We can partition the covariance matrix as well, according to the demarcating lines shown below.

$$\boldsymbol{\Sigma} ~ = ~ \left[\begin{array}{c|cccc} \sigma_Y^2 & \sigma_{Y, X_1} & \sigma_{Y, X_2} & \cdots & \sigma_{Y, X_p}\\ \hline \sigma_{X_1, Y} & \sigma_{X_1}^2 & \sigma_{X_1, X_3} & \cdots & \sigma_{X_2, X_p} \\ \vdots & \vdots & \ddots &\vdots & \vdots \\ \sigma_{X_p, Y} & \sigma_{X_p, X_1} & \sigma_{X_p, X_2} & \cdots & \sigma_{X_p}^2 \\ \end{array}\right] ~ = ~ \left[\begin{array}{c|c} \sigma_Y^2& \boldsymbol{\Sigma}_{Y,\mathbf{X}} \\ \hline \boldsymbol{\Sigma}_{\mathbf{X},Y} & \boldsymbol{\Sigma}_\mathbf{X}\\ \end{array}\right]$$

The cell below produces a simulation of 200 points drawn from the multivariate normal distribution with the parameters provided. The variable plotted on the vertical dimension is $Y$, with the other two axes representing the two predictors $X_1$ and $X_2$.

The plane is $E(Y \mid \mathbf{X}) = \boldsymbol{\Sigma}_{Y, \mathbf{X}}\boldsymbol{\Sigma}_\mathbf{X}^{-1} (\mathbf{X} - \boldsymbol{\mu}_\mathbf{X}) + \mu_Y$. Keep in mind that it is computed according to this formula; it has not been estimated based on the 200 simulated points.

Notice that all three variables are in standard units and that the two predictor variables are not highly correlated: $r(X_1, X_2) = 0.2$. You can change the parameters, of course, but you will get an error message if you enter a "covariance matrix" that is not positive semidefinite.

mu = [0, 0, 0]
cov = np.array([[1, 0.6, 0.5],
[0.6, 1, 0.2],
[0.5, 0.2, 1]])
multivariate_normal_regression(mu, cov, 200)


This is the three-dimensional version of the familiar football shaped scatter diagram with the "best predictor" line going through it. The plane goes through the "vertical center" of the cloud.

In the simulation below, the correlations between $Y$ and two predictor variables have been reduced.

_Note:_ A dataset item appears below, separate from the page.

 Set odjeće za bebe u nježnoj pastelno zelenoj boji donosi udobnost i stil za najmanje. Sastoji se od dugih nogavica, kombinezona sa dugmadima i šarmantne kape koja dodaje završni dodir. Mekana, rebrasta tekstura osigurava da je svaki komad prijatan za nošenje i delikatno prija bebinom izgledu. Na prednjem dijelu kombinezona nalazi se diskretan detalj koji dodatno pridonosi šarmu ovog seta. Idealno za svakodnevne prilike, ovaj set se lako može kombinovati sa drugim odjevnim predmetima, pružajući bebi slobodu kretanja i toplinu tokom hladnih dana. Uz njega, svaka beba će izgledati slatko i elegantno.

Notice the greater spread about the plane.

mu = [0, 0, 0]
cov = np.array([[1, 0.3, 0.25],
[0.3, 1, 0.2],
[0.25, 0.2, 1]])
multivariate_normal_regression(mu, cov, 200)

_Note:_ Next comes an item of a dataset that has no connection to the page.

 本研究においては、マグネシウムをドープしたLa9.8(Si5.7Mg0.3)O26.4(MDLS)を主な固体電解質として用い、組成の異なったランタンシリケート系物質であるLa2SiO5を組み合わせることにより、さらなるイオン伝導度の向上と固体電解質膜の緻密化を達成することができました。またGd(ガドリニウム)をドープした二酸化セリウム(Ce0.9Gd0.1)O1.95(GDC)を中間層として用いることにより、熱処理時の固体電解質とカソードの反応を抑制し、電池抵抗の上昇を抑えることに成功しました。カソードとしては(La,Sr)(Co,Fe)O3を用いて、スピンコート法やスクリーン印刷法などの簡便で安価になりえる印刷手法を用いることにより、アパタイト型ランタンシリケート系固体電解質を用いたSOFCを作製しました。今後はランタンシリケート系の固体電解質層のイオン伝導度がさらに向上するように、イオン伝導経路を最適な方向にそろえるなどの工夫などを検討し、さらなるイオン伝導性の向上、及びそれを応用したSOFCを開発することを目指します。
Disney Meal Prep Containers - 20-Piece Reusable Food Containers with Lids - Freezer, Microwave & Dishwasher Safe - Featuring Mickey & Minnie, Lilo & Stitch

The calcuations of this chapter, for predicting the value of a random variabe $Y$ by a linear function of random variables $X_1, X_2, \ldots, X_p$, have direct applications to data. What we see is just a cloud of points:

Scatter_multivariate_normal(mu, cov, 200)


But we don't know the parameters of the distribution, so we can't draw the right plane through the scatter. The problem of multiple regression is to estimate the plane based on the data.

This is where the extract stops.